Most kittens go through a biting phase- does she have any toys so she can bit and kick those instead of you?


----------



## Heidi n Q (Nov 22, 2006)

I agree the 'biting' sounds like play. She is playing in the same manner she'd play with littermates and if you're the only game in town ... YOU are the one she'll try to play with.

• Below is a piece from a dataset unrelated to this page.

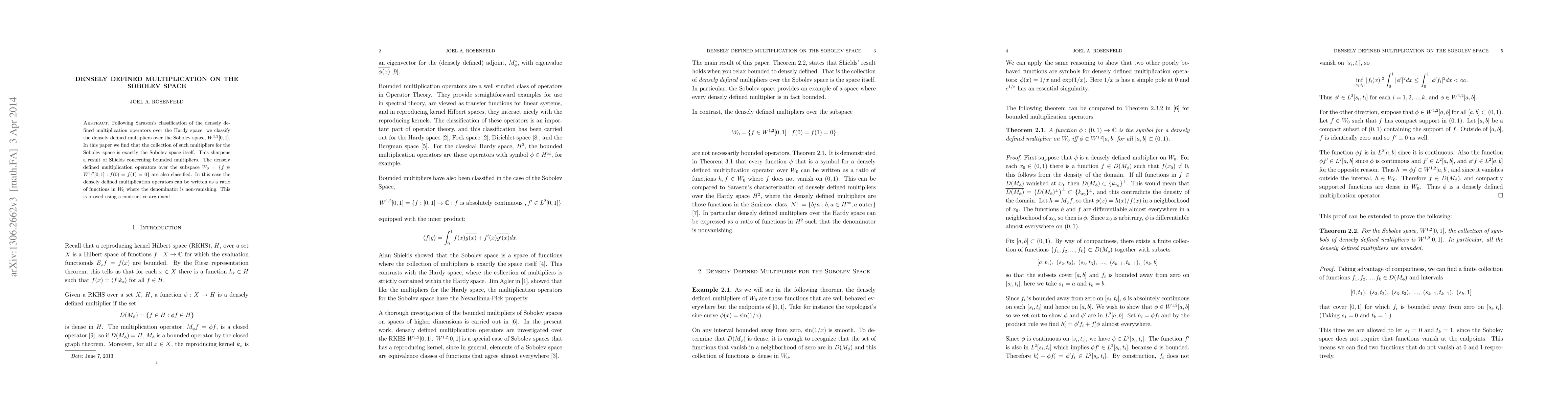 Following Sarason's classification of the densely defined multiplication operators over the Hardy space, we classify the densely defined multipliers over the Sobolev space, $W^{1,2}[0,1]$. In this paper we find that the collection of such multipliers for the Sobolev space is exactly the Sobolev space itself. This sharpens a result of Shields concerning bounded multipliers. The densely defined multiplication operators over the subspace $W_0 = \{f \in W^{1,2}[0,1] : f(0)=f(1)=0 \}$ are also classified. In this case the densely defined multiplication operators can be written as a ratio of functions in $W_0$ where the denominator is non-vanishing. This is proved using a contructive argument.

As to the water-bowl ... I've had several tippers. IMO, I think the kitties do that to make the water move, so they can see where the level is before dipping their head down and possibly dunking their nose into the water. I bought a heavy, ceramic water dish they can't tip over. They still manage to 'drag' it several inches, though, and make water splash/slosh out. One kitty also prefers to dip her paw into the water, shake off the excess drops, lick her wet toe-fur ... and repeat.


----------



## Jan Rebecca (Oct 14, 2010)

THe biting is probably her way of playing with you - my Tuffy did that too, you'll just have to teach her it's a 'no' thing..


----------



## Salemcat2 (Dec 28, 2010)

My Dagny LOVED playing in his water bowl. So much so, he drenched our floor ALL the time. This went on for weeks. Finally, I just put the bowl in the bathtub. Now he can do it til his heart's content, lol! Works great, especially since he loves getting in the tub anyway and putting his head under and batting at the drops coming out of the faucet. If I bought a heavier bowl, he would just splash it all out, so this was the solution I came up with.


----------



## Goldtanker (Jan 9, 2011)

Midnight, the wild cat that lives under my porch and in the garage, has a heated water dish in the garage filled with fresh water. Sometimes he drinks from it but his preferred source is the heated bird bath that I put on the ground in the winter so the birds and animals can use it. I have explained to him what the birds do in there, but he is oblivious.


----------